Content starts

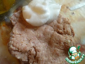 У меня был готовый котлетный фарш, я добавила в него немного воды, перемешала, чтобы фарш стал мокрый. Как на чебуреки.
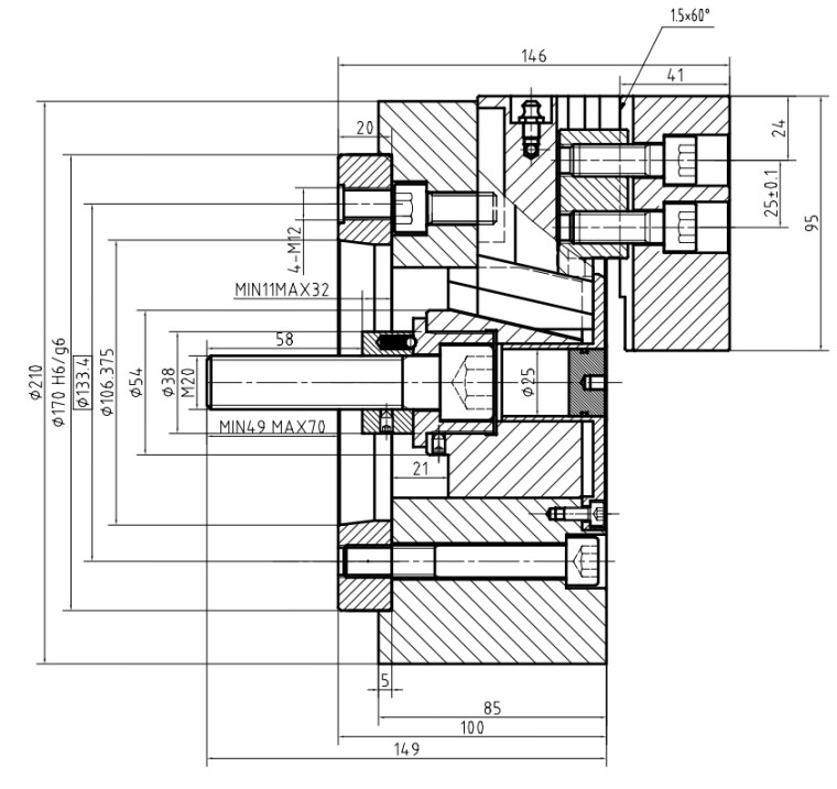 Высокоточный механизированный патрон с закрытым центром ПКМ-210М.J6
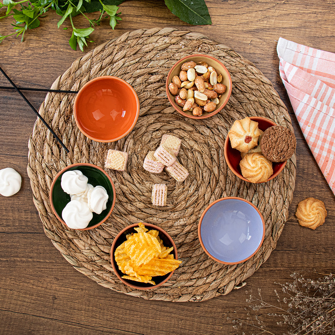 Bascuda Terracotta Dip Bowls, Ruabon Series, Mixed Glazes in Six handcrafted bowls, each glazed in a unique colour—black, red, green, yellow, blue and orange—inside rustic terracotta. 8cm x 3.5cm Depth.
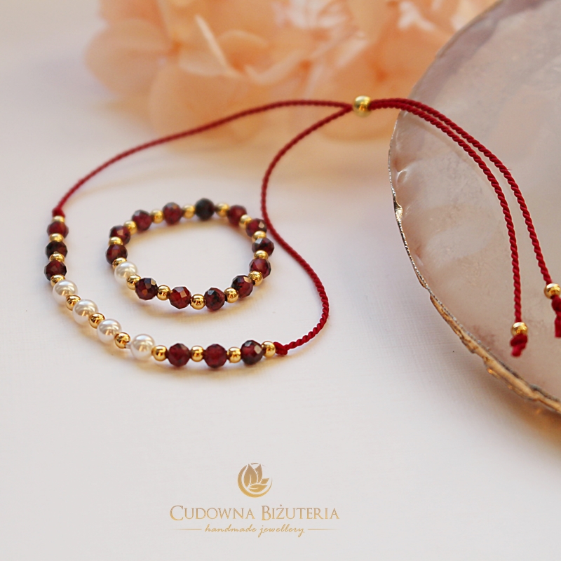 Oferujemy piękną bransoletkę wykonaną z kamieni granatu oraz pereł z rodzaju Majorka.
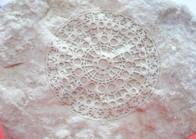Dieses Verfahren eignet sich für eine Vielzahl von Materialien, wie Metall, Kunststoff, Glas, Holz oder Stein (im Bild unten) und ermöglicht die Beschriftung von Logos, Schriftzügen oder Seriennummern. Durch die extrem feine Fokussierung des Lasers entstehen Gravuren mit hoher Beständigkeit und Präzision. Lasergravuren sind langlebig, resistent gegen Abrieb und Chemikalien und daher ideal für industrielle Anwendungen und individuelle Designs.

Content ends

Task statement
Set down all records verbatim, omitting images.

Your solution
 У меня был готовый котлетный фарш, я добавила в него немного воды, перемешала, чтобы фарш стал мокрый. Как на чебуреки.
 Высокоточный механизированный патрон с закрытым центром ПКМ-210М.J6
 Bascuda Terracotta Dip Bowls, Ruabon Series, Mixed Glazes in Six handcrafted bowls, each glazed in a unique colour—black, red, green, yellow, blue and orange—inside rustic terracotta. 8cm x 3.5cm Depth.
 Oferujemy piękną bransoletkę wykonaną z kamieni granatu oraz pereł z rodzaju Majorka.
Dieses Verfahren eignet sich für eine Vielzahl von Materialien, wie Metall, Kunststoff, Glas, Holz oder Stein (im Bild unten) und ermöglicht die Beschriftung von Logos, Schriftzügen oder Seriennummern. Durch die extrem feine Fokussierung des Lasers entstehen Gravuren mit hoher Beständigkeit und Präzision. Lasergravuren sind langlebig, resistent gegen Abrieb und Chemikalien und daher ideal für industrielle Anwendungen und individuelle Designs.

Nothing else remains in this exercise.